"Well, it is funny anyhow."
When I delve in my memory, I bring now forgotten incidents to light, which were hitherto valueless to a sceptic whose mind had been sterilised by the study of the exact sciences. Thus I remember the morning of my first wedding day. It was a winter Sunday, peculiarly quiet and unnaturally solemn for me who was preparing to quit an impure bachelor life and to settle down by the domestic hearth with the woman I loved. I felt I should like to take my breakfast, the last in my bachelor life, quite alone, and with this object I went down to an underground café in a low street. It was a basement-room lit with gas. After ordering breakfast, I noticed that I was being watched by a number of men who were sitting, obviously in a state of intoxication, round their bottles, since the previous evening. They looked spectrally pale, uncouth, shabby; they were hoarse-voiced and disgusting, after a night spent in debauchery. Among the company I recognised two friends of my youth, who had so come down in the world that they had neither house nor home nor occupation, notorious good-for-nothings, not far from committing some crime. It was not pride which made me shrink from renewing the acquaintanceship; it was the fear of a relapse in the mire, the dislike of finding myself placed back in my past,—for I had gone through a similar stage. At last, when the comparatively soberest of them, chosen as an envoy, stood up in order to approach my table, I was seized with terror. Firmly resolved to deny my identity if necessary, I fix my eyes on my assailant, and without my knowing how it happened he remained standing for a moment before my table, and then with a silly expression, which I can never forget, he makes an apology and returns to his place. He had been prepared to swear that it was I, and yet he did not recognise me.

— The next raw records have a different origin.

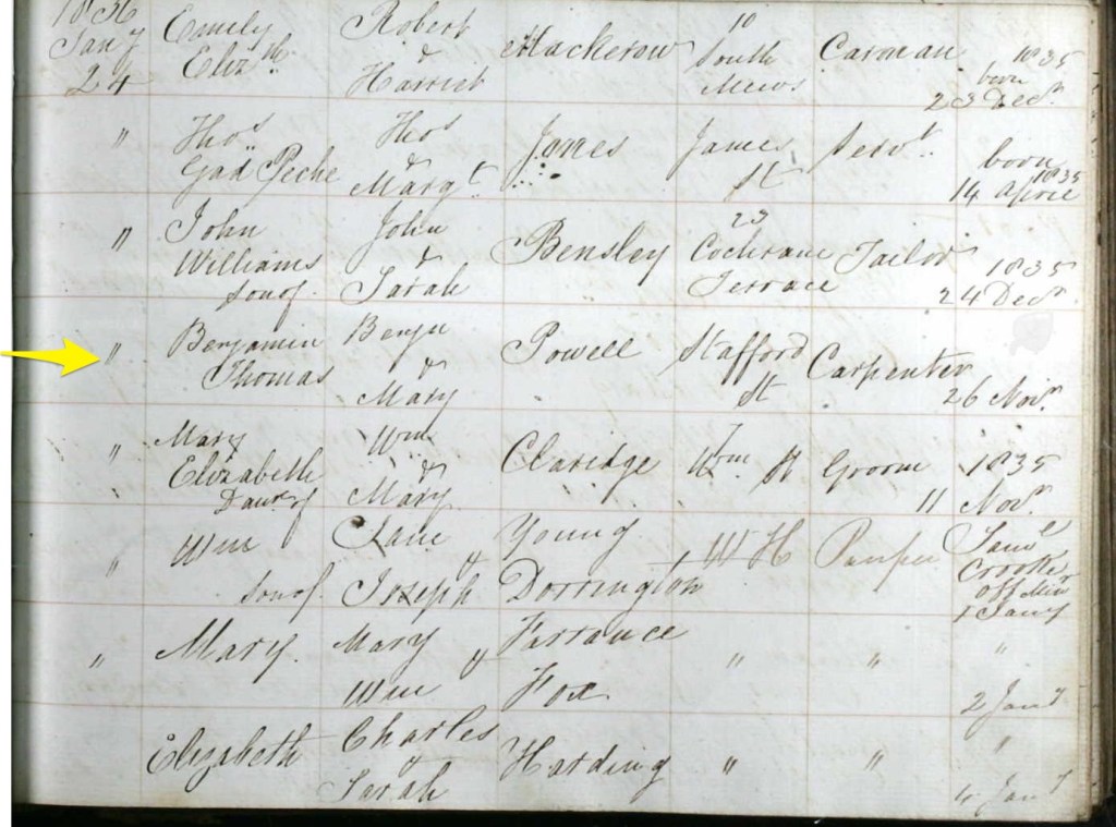 I found the baptisms of three children of Benjamin and Mary Powell in the registers of St Nicholas, Chiswick. The family were resident in Turnham Green, an area of Chiswick, and also Hammersmith. Benjamin Powell was recorded on each occasion as a carpenter and his wife was named as Mary Ann when their daughter Emma was baptised:
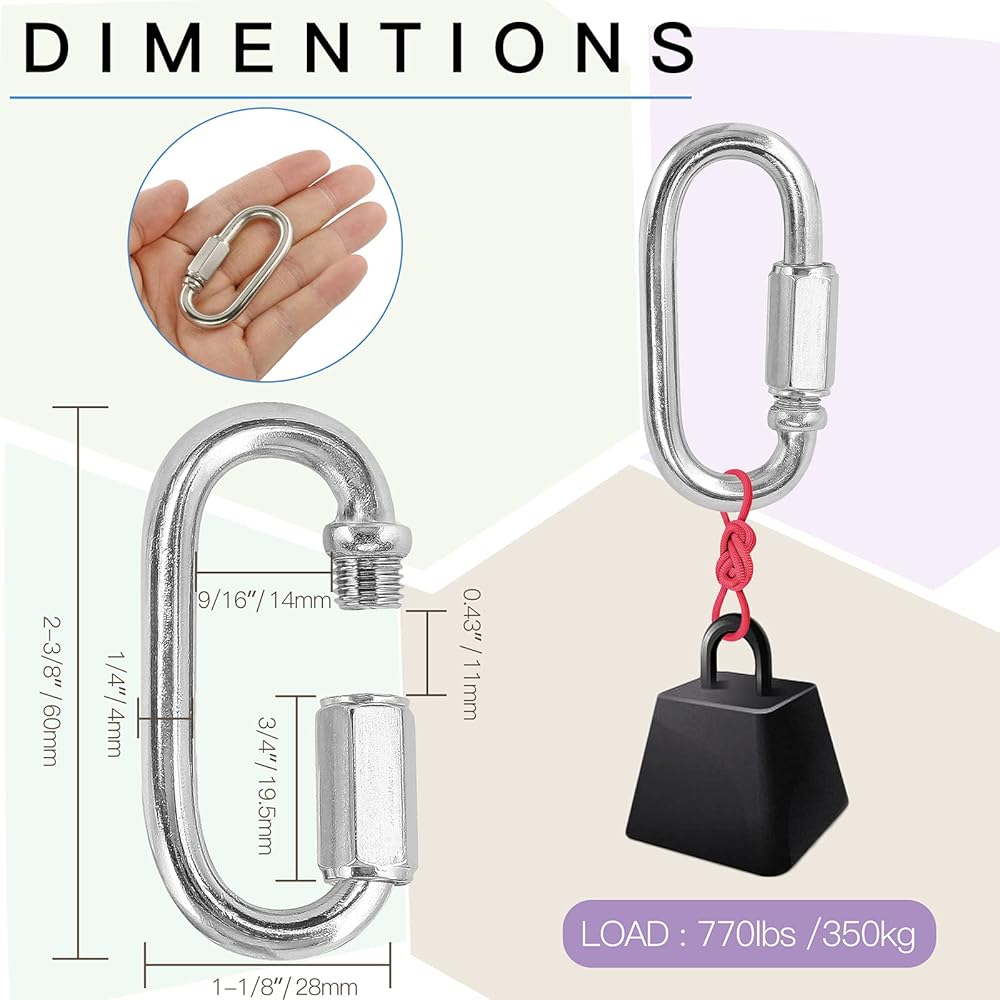 1.The safe loading capacity of each chain quick link is 75kg / 170lbs.
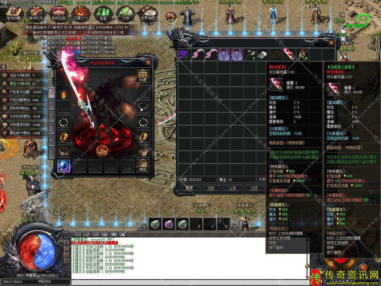 三、添加专属觉醒NPC,觉醒有一定成功几率,失败只扣除黄金+材料,操作时请将需要觉醒的装备放入NPC下面框内,系统会根据您放入的专属装备,显示需要觉醒的条件和觉醒后装备属性。

Then they began to discuss my alibi.
"It is he certainly."
"Yes, the Devil take me, it is!" I quit the place filled with shame at myself and pity for the poor fellows, but in the depth of my heart glad at having escaped such a hateful existence.
Escaped!
Apart from the moral aspect of the question the strange fact remains, that one can so alter one's physiognomy as to be irrecognisable by an old acquaintance whom one meets and I salutes all through the year in the street.
In earlier times I used to go hunting alone, without a dog and often without a rifle. I wandered about at haphazard (it was in Denmark), and once as I was standing in a glade a fox jumped up suddenly beside me. He looked me in the face, in full sunlight, at a distance of about twenty steps. I stood motionless, and the fox continued to search the ground hunting for mice. I stooped to pick up a stone. Then it was his turn to make himself invisible, for he vanished in an instant without my seeing how he did so. When I searched the ground, I found there no trace of a fox-hole, and not even a bush behind which he might have hidden. He had vanished without the help of his legs.
Here and there in the marshy meadows on the banks of the Danube herons often build their nests, and they are extremely shy birds.